Tuesday tip: Computers and your eyes

EyesToday it’s normal for most people to stare at computer screens all day long, something that was unbelievable just 25 years ago. Whether we’re shopping online, chatting and tweeting, or working in our DEVONthink databases, we spend a lot of time in the light of our screens. If you are experiencing headaches, blurred vision, watery eyes, or have trouble getting to sleep, here are a few simple tips for you.

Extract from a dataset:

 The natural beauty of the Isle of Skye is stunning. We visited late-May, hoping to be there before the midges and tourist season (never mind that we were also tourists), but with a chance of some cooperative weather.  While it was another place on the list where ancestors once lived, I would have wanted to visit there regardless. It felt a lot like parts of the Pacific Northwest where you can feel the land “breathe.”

  • When ambient light levels are too low we have a tendency to increase the monitor brightness. This more quickly fatigues our eyes. Use proper lighting in your computer area and position yourself and the lights to avoid glare.
  • If you find yourself moving closer to the screen to read, consider increasing the font size. On a Retina screen adjust the screen resolution; as the native resoution of the screen is so high you’ll see no pixels even when you make everything a bit bigger.
  • Also check out System Preferences > Accessibility > Seeing for some great options like contrast adjustments and, our favorite, Zoom, an adjustable on screen magnifying glass.
  • For the restless and insomniacs, there has been research that suggests that the bluish-white light from your screen may supress melatonin production and hinder you from falling asleep. There is a wonderful little Mac utility called f.lux that adjusts the warmth of your screen to mimic natural light. As the day goes into evening, the screen colors grow warmer and warmer. Note: If you just turned it to the warm setting, your screen will look terrible at first. But as soon as our mind adjusts to the change you’ll perceive the colors correctly. iOS 9.3 has a similar option for your iPhone and iPad.

Lastly, don’t forget to take periodic breaks. Get up and give your eyes a well-needed rest.

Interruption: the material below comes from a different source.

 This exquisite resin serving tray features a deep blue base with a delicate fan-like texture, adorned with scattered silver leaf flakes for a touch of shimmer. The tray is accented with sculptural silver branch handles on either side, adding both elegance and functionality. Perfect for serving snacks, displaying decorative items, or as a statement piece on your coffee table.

2 Responses to “Tuesday tip: Computers and your eyes”

  1. ukmal says:

    Thought you might like to know that I discovered, some time ago, that computer & monitor screens are polarized ( my optician didn’t know either ) and not all the same way, e.g. can be vertical or horizontal and even diagonal. ( Try it with polarized sunglasses on ). Often wondered if this had any bearing on tired, & watery eyes. regards.

  2. jneumann says:

    Interesting. I had never heard this before.